Smith's reputation among Latter-day Saints, historians and the general public made him an interesting story topic, she said.
"It's actually amazing that he stands alone as a source of doctrine," Soukup said. "That's something you don't see with most religions."
Soukup experienced a highlight of her career four months ago when she interviewed President Gordon B. Hinckley of The Church of Jesus Christ of Latter-day Saints.
The New York resident flew to Salt Lake City to talk to the religious leader and found the hourlong meeting both exciting and terrifying; the 95-year-old is a prophet to roughly 12 million Latter-day Saints across the globe Soukup included.
"You're sitting there in front of your spiritual leader, knowing you'd have to ask questions you'd rather not ask," she told the Deseret Morning News.
Soukup's cover story in the edition dated Oct. 17 is titled, "The Making of the Mormons, Beyond Prophecy and Polygamy: The Future of a Booming Faith." The cover is illustrated with a stained-glass window depicting what LDS faithful refer to as the First Vision, when Joseph Smith was visited by God the Father and his son, Jesus Christ.

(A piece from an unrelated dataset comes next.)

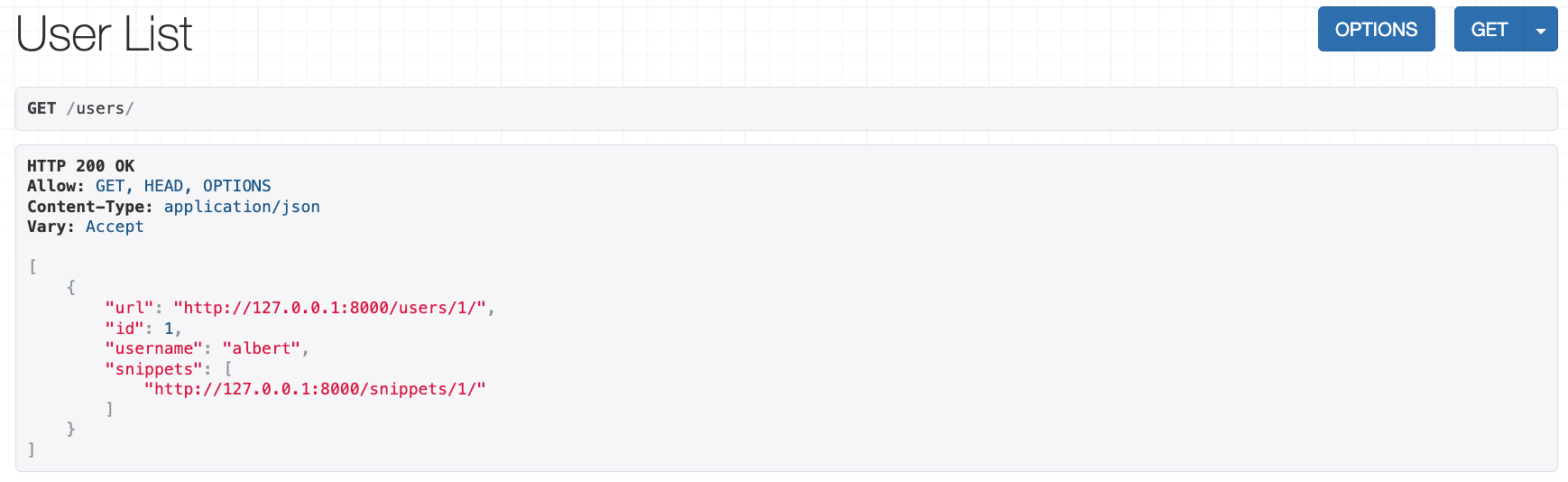 - HyperlinkedIdentityField를 사용하는 URL 필드가 포함됩니다.
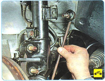 9. Удерживая от проворачивания головку верхнего стяжного болта, отверните гайку крепления поворотного кулака к амортизаторной стойке...

In addition to the main story, the magazine includes a sidebar on Soukup's interview with President Hinckley in question and answer format.
Newsweek has a worldwide circulation of 4.3 million, including more than 3.2 million in the United States.

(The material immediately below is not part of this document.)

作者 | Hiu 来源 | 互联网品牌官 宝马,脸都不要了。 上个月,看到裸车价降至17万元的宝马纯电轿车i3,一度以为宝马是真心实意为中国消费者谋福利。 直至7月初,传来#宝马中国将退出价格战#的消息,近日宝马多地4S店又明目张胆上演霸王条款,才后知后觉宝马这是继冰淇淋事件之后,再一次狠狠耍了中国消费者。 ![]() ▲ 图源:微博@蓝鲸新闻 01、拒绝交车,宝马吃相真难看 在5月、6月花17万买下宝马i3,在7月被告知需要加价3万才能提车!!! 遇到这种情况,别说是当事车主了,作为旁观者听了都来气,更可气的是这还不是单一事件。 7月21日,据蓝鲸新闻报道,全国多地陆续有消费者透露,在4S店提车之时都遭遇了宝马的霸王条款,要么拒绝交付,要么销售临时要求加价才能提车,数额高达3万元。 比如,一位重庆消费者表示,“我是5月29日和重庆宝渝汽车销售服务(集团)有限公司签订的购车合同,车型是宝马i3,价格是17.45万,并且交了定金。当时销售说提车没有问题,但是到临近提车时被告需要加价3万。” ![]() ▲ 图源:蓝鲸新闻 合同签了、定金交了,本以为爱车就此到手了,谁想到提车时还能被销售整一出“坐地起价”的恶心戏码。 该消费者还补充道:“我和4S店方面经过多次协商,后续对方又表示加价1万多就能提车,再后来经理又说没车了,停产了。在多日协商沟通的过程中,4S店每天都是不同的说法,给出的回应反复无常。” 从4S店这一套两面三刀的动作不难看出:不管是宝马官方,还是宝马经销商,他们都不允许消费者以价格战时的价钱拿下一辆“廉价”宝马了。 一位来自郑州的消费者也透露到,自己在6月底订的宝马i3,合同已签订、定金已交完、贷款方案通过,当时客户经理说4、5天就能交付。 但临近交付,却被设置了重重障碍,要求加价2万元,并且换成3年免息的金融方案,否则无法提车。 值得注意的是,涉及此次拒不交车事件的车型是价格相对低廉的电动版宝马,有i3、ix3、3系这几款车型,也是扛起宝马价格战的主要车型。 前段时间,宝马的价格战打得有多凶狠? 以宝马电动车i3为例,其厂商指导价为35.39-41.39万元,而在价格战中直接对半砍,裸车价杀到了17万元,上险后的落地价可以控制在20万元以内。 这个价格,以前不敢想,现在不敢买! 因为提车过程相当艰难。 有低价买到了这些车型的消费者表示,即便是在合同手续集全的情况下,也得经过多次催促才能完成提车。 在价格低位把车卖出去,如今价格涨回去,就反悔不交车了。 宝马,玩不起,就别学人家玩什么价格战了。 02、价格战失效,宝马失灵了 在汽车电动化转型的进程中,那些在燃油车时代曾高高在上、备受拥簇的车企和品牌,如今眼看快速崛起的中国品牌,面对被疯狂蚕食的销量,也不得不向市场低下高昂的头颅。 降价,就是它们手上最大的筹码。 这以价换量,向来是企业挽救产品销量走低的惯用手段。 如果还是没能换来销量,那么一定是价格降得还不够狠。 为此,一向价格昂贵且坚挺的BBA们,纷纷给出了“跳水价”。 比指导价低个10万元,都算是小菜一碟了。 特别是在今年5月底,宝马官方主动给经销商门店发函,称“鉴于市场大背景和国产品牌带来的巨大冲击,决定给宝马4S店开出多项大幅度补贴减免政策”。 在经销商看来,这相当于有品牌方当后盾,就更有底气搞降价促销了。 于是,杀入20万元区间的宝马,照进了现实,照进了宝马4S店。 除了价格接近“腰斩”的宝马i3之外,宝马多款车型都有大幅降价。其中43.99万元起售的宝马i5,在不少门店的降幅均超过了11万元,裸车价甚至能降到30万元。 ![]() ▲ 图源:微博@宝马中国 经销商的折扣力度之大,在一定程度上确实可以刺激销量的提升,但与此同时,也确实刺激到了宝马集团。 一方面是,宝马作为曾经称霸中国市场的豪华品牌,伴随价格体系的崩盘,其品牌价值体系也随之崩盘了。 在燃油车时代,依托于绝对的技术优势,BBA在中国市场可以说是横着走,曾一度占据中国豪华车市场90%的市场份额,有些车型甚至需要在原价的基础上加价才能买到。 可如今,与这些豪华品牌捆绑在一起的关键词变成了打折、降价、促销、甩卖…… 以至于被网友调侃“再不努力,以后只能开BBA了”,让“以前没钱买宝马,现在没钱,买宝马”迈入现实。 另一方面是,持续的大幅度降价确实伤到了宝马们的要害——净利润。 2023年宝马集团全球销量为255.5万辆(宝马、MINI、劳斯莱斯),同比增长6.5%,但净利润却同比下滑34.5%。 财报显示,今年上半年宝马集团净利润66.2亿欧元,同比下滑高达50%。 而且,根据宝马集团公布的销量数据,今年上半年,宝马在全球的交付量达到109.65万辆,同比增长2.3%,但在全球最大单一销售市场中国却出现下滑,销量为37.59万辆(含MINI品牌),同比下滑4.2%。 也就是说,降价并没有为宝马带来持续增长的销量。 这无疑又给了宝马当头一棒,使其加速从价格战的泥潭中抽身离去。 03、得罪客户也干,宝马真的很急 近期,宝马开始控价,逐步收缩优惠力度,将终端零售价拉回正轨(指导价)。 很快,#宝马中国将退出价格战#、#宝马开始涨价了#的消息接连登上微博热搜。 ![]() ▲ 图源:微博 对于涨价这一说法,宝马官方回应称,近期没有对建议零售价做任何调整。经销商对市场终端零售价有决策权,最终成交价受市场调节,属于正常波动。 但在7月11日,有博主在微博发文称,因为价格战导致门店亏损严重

"This is a signal that Mormonism is moving up in the world," said Jan Shipps, a non-LDS scholar and professor emeritus of history and religious studies at Indiana University-Purdue University who has studied Mormonism for 45 years. "It's certainly not where it was 50 years ago."
The Newsweek article explores controversial aspects of the religion, like polygamy, the validity of the Book of Mormon and Smith's personal life. But ultimately, it finishes with a positive conclusion.
"Smith founded cities, built temples and ran for president. But his most meaningful contribution was as 'prophet, revelator and seer,' as he called himself and as the architect of a church that tends to nurture the bonds between its members in a spirit of charity. Smith's vision optimistic, vigorous, a source of continuing personal growth for all who accept its blessings in many ways echoes the American Dream. Millions around the world now see in their own lives what a young man found for himself in that New York grove."